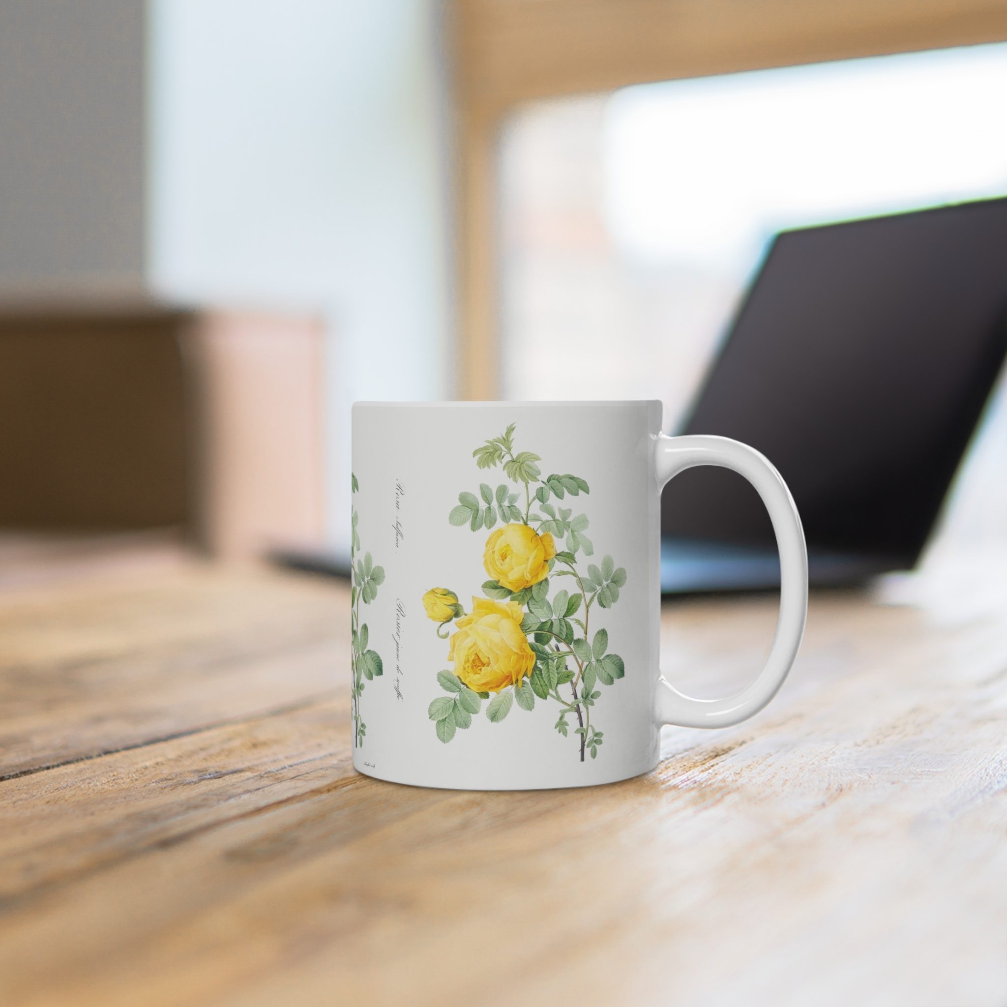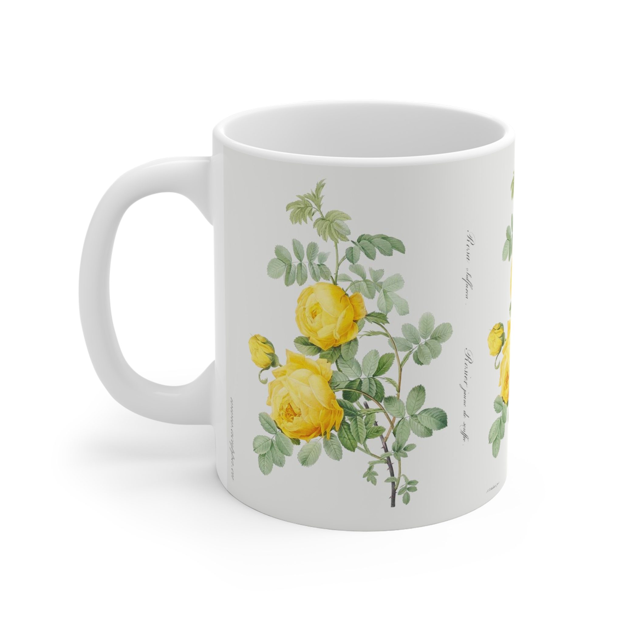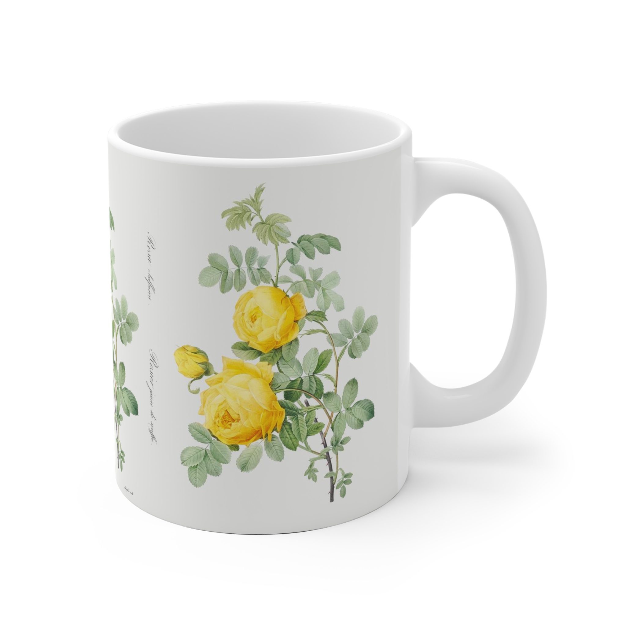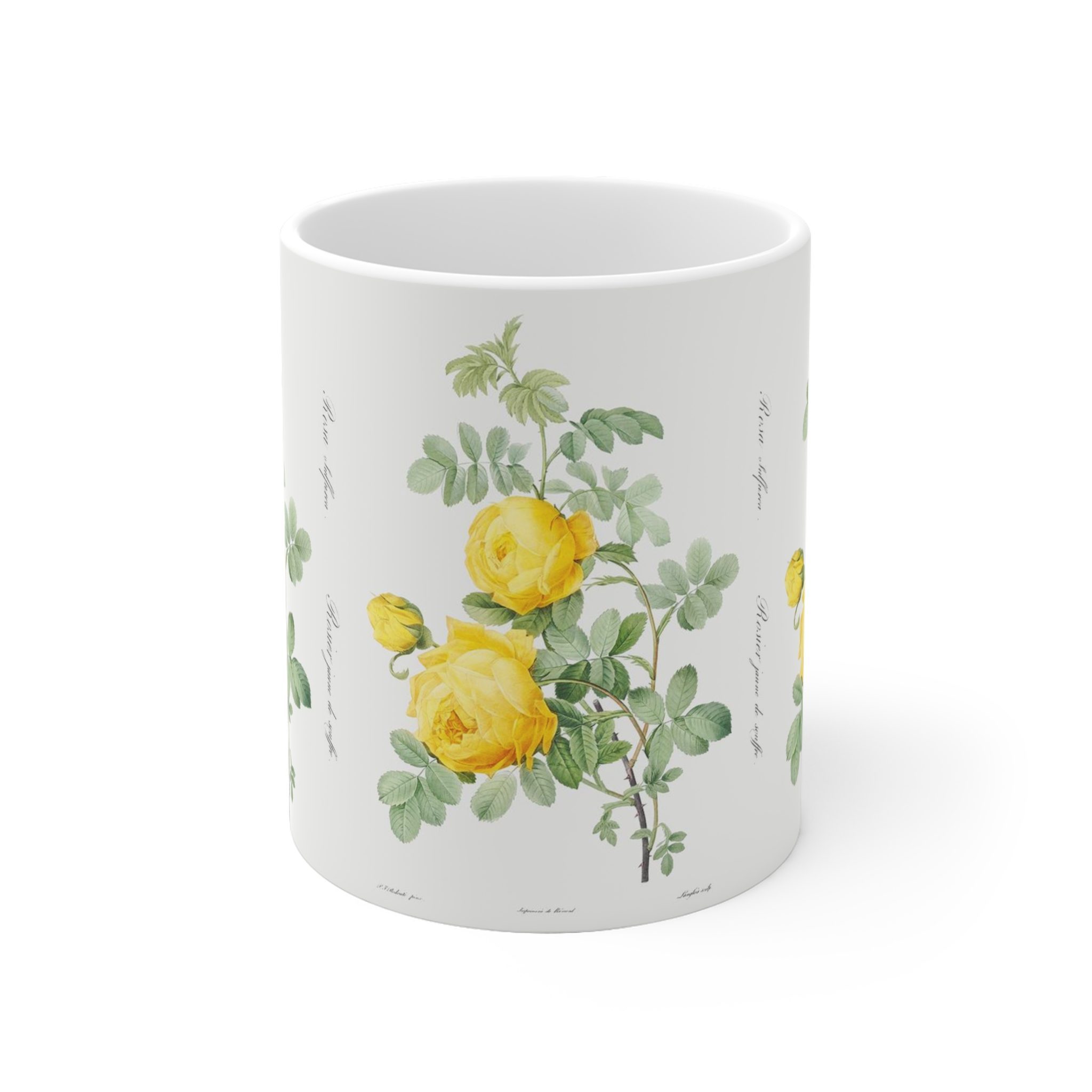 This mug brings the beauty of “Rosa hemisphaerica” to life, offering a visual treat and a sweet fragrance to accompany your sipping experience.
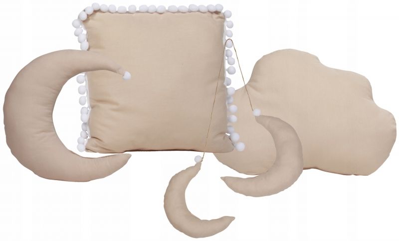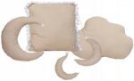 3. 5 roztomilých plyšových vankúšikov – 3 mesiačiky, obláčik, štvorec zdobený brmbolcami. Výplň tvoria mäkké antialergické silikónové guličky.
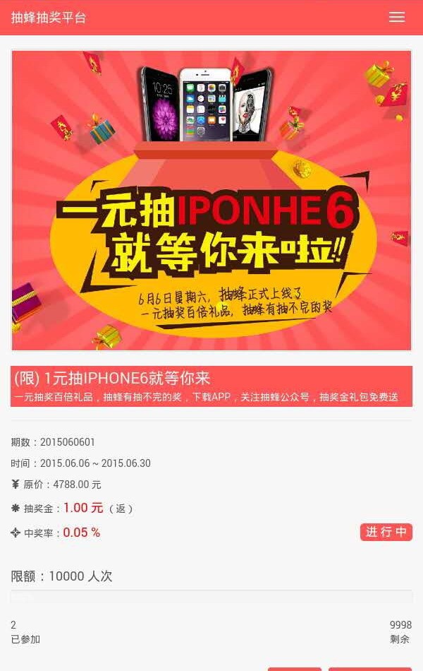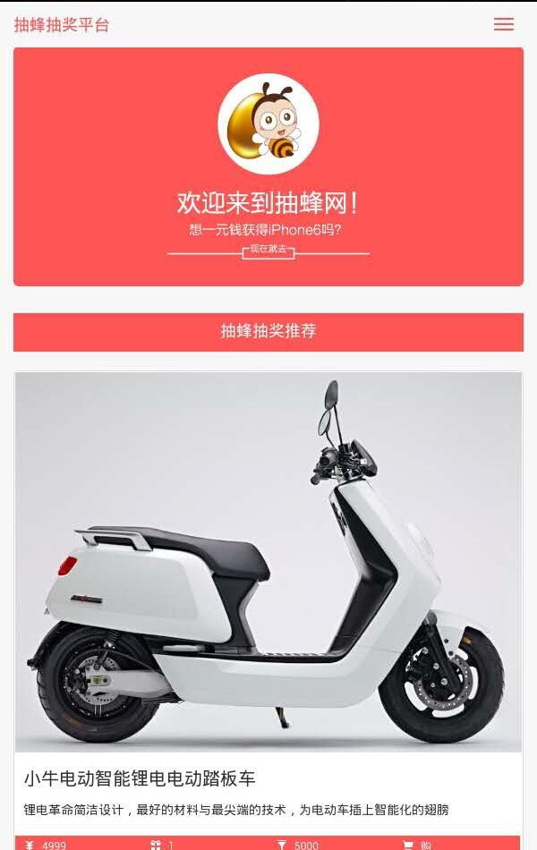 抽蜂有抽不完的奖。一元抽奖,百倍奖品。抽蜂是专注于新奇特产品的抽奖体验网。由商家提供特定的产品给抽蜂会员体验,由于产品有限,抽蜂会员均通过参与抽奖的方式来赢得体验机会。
============
## Work order
Everything from the first line of the listing above through the line that contains "3. 5 roztomilých" is to be restated word for word, minus the pictures.

## Answer for this exercise
 This mug brings the beauty of “Rosa hemisphaerica” to life, offering a visual treat and a sweet fragrance to accompany your sipping experience.
 3. 5 roztomilých plyšových vankúšikov – 3 mesiačiky, obláčik, štvorec zdobený brmbolcami. Výplň tvoria mäkké antialergické silikónové guličky.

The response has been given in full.